Flink统计当日的UV、PV

　　Flink 统计当日的UV、PV

　　测试环境：

　　　　flink 1.7.2

　　1、数据流程

　　　　a.模拟数据生成，发送到kafka（json 格式）　　

　　　　b.flink 读取数据，count

　　　　c. 输出数据到kafka（为了方便查看，输出了一份到控制台）

　　2、模拟数据生成器

　　　　数据格式如下： {"id" : 1, "createTime" : "2019-05-24 10:36:43.707"}

　　　　id 为数据生成的序号（累加），时间为数据时间（默认为数据生成时间）

　　模拟数据生成器代码如下：

/**

  * test data maker

  */

object CurrentDayMaker {

  var minute : Int = 1

  val calendar: Calendar = Calendar.getInstance()

  /**

    * 一天时间比较长，不方便观察，将时间改为当前时间，

    * 每次累加10分钟，这样一天只需要144次循环，也就是144秒

    * @return

    */

  def getCreateTime(): String = {

//    minute = minute + 1

    calendar.add(Calendar.MINUTE, 10)

    sdf.format(calendar.getTime)

  }

  val sdf = new SimpleDateFormat("yyyy-MM-dd HH:mm:ss.SSS")

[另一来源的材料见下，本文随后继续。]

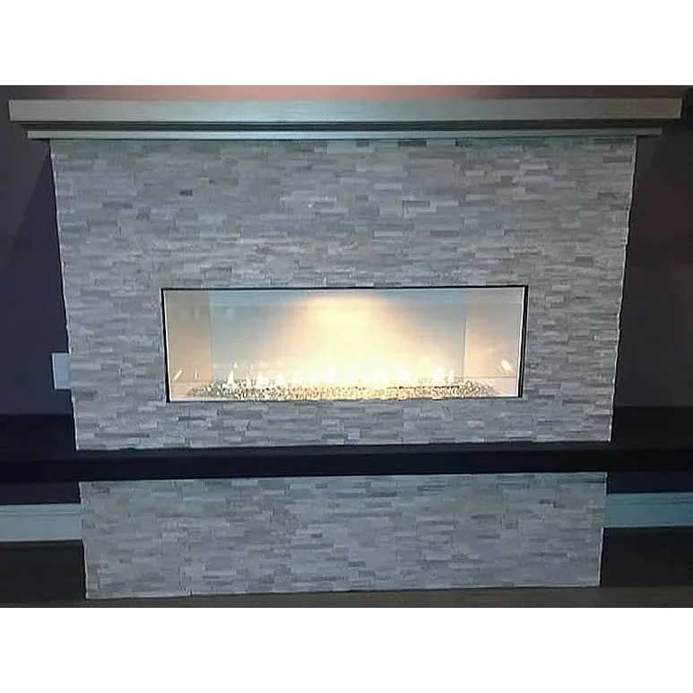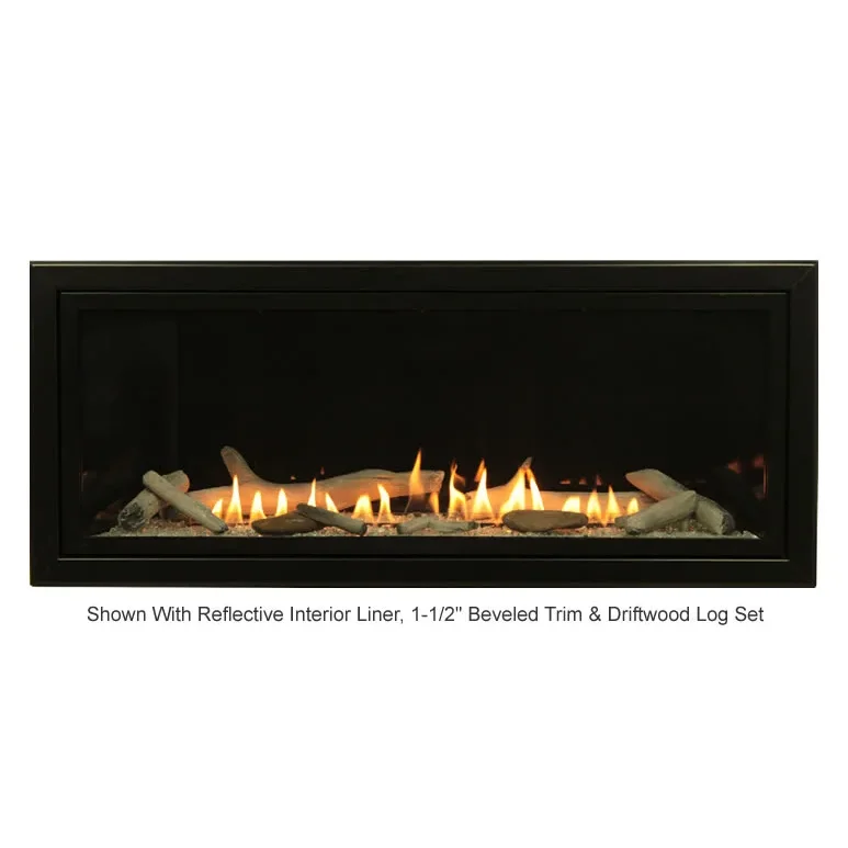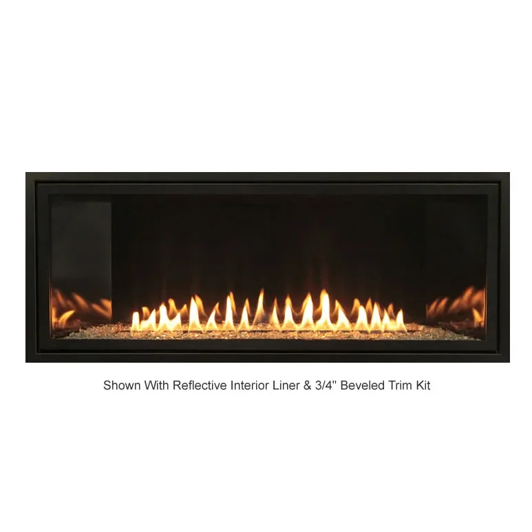 This is the Boulevard series vent free linear fireplace system by White Mountain Hearth. Offering a sleek contemporary design with options such as interior liners, decorative front trim kits, accent lighting and glass media for inside the fireplace. Choose from two different control types; electronic ignition with a battery backup that will electronically light the pilot light, vary the flame height up and down, act as a thermostat control and turn the fireplace on and off or remote ready millivolt system with a standing pilot and standard on/off remote control. See other options below.
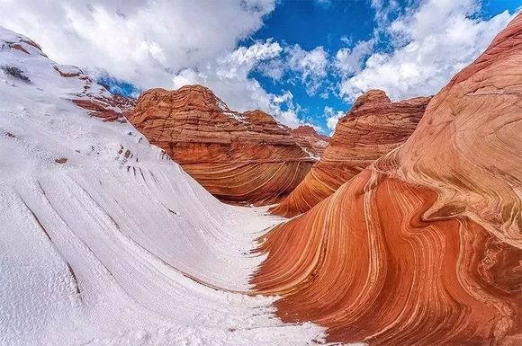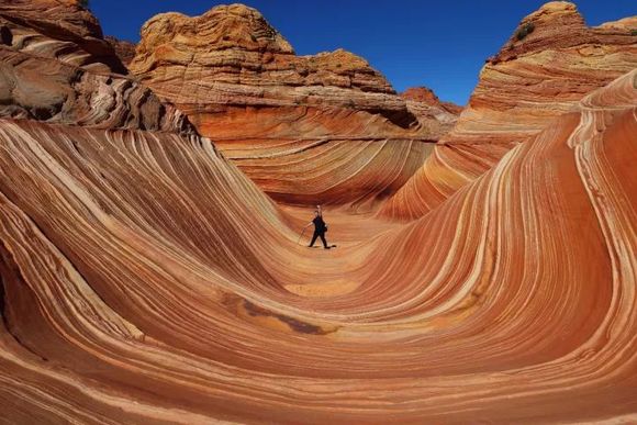 亚利桑娜州北部接近犹他州南部地界的梦幻峡谷。血红的砂岩如海浪翻腾,联绵不断的“波浪”,有一种身处外星世界的感觉。整个区域都由美国国土局进行管理,几乎都有配额限制,不是想去就能去哦。
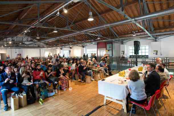 Cinque edizioni del Festival The Vegetarian Chance e mai la stessa sede, mai gli stessi ospiti, mai un programma simile all’altro, ma sempre lo stesso messaggio: la cucina a base vegetale fa bene al palato, alla salute, al pianeta, allo spirito e anche al portafoglio. Quest’anno ci siamo concentrati sul cambiamento climatico con il tema Mangia la foglia, salva il pianeta”. Questo filo conduttore si è potuto ritrovare nei diversi appuntamenti del Festival. Significativo e concreto è stato il primo quando sono saliti sul palco gli agricoltori, sempre più presenti in diversi mercati. Ne abbiamo scelti tre del Mercato della Terra Slow Food e abbiamo chiesto loro di raccontarci le loro difficoltà, il loro impegno per metterci a disposizione cibo biologico e sano, saporito e interessante. Intervistati da Gabriele Eschenazi sono saliti sul palco Giancarlo Colombo, El Giardinet, Marisa del Corno di Pioppo Tremulo, Aina Pacifico di Cascina Dulcamara. Hanno spiegato al pubblico come il cambiamento climatico produca danni alle colture in diversi modi e cioè non distrugga solo fisicamente le piante, ma provochi anche la proliferazione di malattie e parassiti fino a poco tempo fa sconosciuti nelle nostre zone. Aina Pacifico ha esemplificato con delle immagini i danni da raffiche di vento violente ai suoi alberi di noci. Marisa del Corno ha spiegato il valore della biodiversità raccontando come sia utile piantare sempre in contemporanea varietà diverse di fragole o pomodori, che hanno reazioni diverse rispetto a malattie e parassiti. Giancarlo Colombo ha spiegato come sia importante che siano gli stessi consumatori a difendere la biodiversità nutrendosi di un’ampia varietà di prodotti. Al suo banco posizionato all’ingresso si poteva mangiare la foglia nel vero senso della parola con una varietà incredibile di erbe selvatiche, fiori e insalate. Piante fresche appena colte dal campo, il modo migliore per assorbire la loro energia vitale. Non sempre questo è possibile e allora ci viene in aiuto la conservazione, quella antica con il sole, l’essicazione, e quella moderna con la catena del freddo, la surgelazione proposta dal nostro partner Orogel, nel cui spazio si è svolto uno show cooking dello chef Pietro Leemann con il piatto Anima Mundi, un tortino di patate e lenticchie, con salsa magrebina e crema di avocado siciliano. Il mondo ha un’anima, noi facciamo parte di quest’anima e quindi siamo un tutt’uno in questa relazione, la spiegazione del titolo nelle parole dello chef. Ad accompagnarlo per raccontare le virtù delle verdure anche surgelate quando quelle fresche non sono disponibili c’era la nutrizionista Elisa Brighenti.
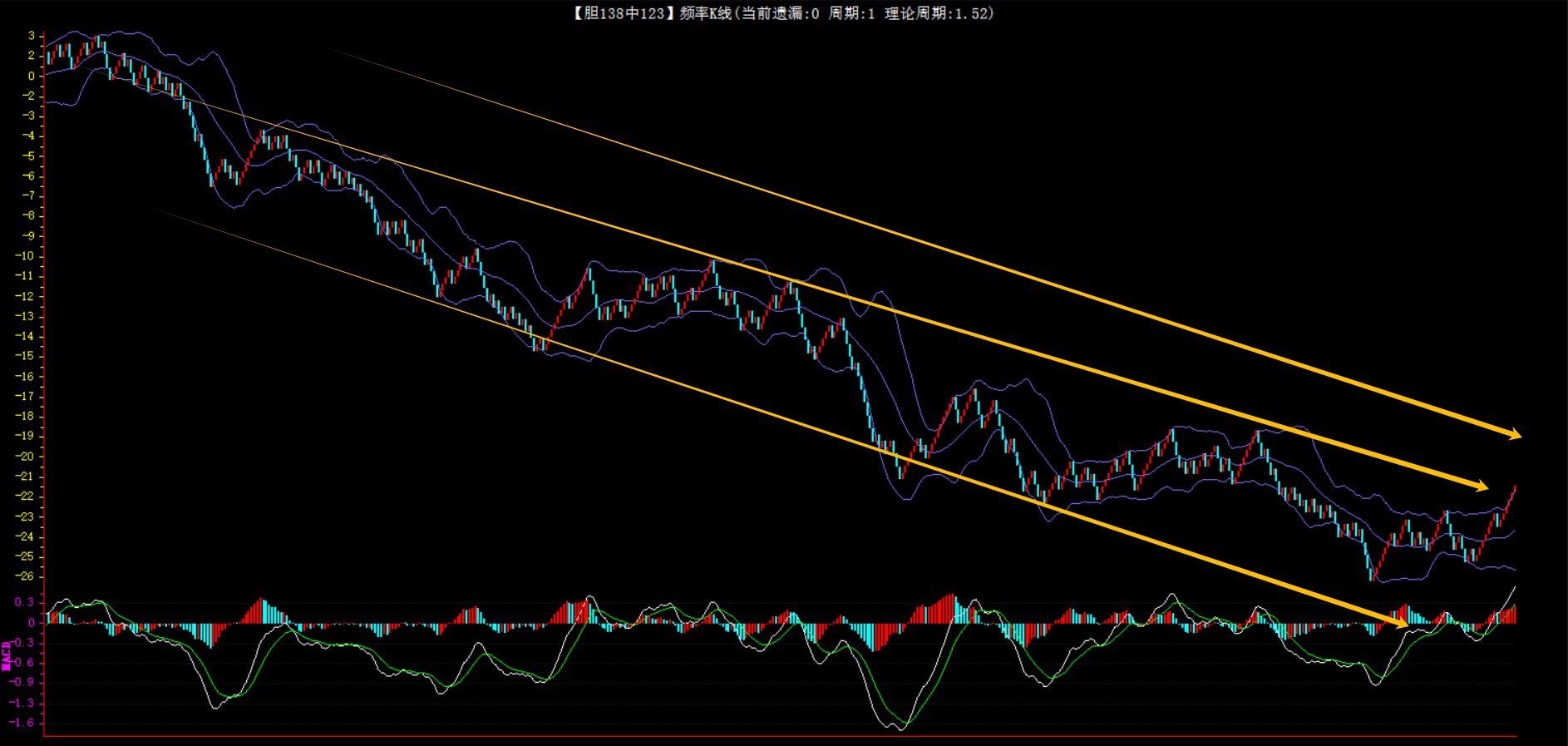 整体趋势下行,上边沿线趋势向下,下边沿趋势也是向下,节点震荡,当前连开6期,本期防守。
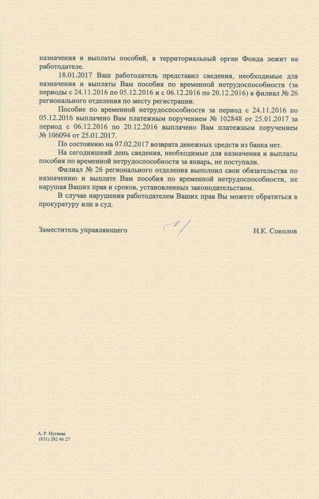 | Marina, можете выложить эту самую отписку на двух листах? Если больничный продлевается, то по следующему первые три дня оплачивает ФСС, однако по первому должны были. И еще, если говорите, что с перерывами, то зарплату за дни, на которые выходили вам тоже не выплатили?

  def main(args: Array[String]): Unit = {

    val producer = new KafkaProducer[String, String](Common.getProp)
　　// 初始化开始时间为当前时间

    calendar.setTime(new Date())

    println(sdf.format(calendar.getTime))

    var i =0;

    while (true) {

//      val map = Map("id"-> i, "createTime"-> sdf.format(System.currentTimeMillis()))

      val map = Map("id"-> i, "createTime"-> getCreateTime())

      val jsonObject: JSONObject = new JSONObject(map)

      println(jsonObject.toString())

　　　　// topic current_day

      val msg = new ProducerRecord[String, String]("current_day", jsonObject.toString())

      producer.send(msg)

      producer.flush()
　　　　// 控制数据频率

      Thread.sleep(1000)

      i = i + 1

    }

  }

}

　　生成数据如下：　　

{"id" : 0, "createTime" : "2019-05-24 18:02:26.292"}

{"id" : 1, "createTime" : "2019-05-24 18:12:26.292"}

{"id" : 2, "createTime" : "2019-05-24 18:22:26.292"}

{"id" : 3, "createTime" : "2019-05-24 18:32:26.292"}

{"id" : 4, "createTime" : "2019-05-24 18:42:26.292"}

　　3、flink 程序　

package com.venn.stream.api.dayWindow

import java.io.File

import java.text.SimpleDateFormat

import com.venn.common.Common

import com.venn.source.TumblingEventTimeWindows

import org.apache.flink.api.common.functions.ReduceFunction

import org.apache.flink.api.common.serialization.SimpleStringSchema

import org.apache.flink.api.scala._

import org.apache.flink.contrib.streaming.state.RocksDBStateBackend

import org.apache.flink.formats.json.JsonNodeDeserializationSchema

import org.apache.flink.shaded.jackson2.com.fasterxml.jackson.databind.node.ObjectNode

import org.apache.flink.streaming.api.TimeCharacteristic

import org.apache.flink.streaming.api.functions.timestamps.BoundedOutOfOrdernessTimestampExtractor

import org.apache.flink.streaming.api.scala.StreamExecutionEnvironment

import org.apache.flink.streaming.api.windowing.time.Time

import org.apache.flink.streaming.api.windowing.triggers.{ContinuousEventTimeTrigger}

import org.apache.flink.streaming.connectors.kafka.{FlinkKafkaConsumer, FlinkKafkaProducer}

/**

  * Created by venn on 19-5-23.

  *

  * use TumblingEventTimeWindows count current day pv

  * for test, update day window to minute window

  *

  * .windowAll(TumblingEventTimeWindows.of(Time.minutes(1), Time.seconds(0)))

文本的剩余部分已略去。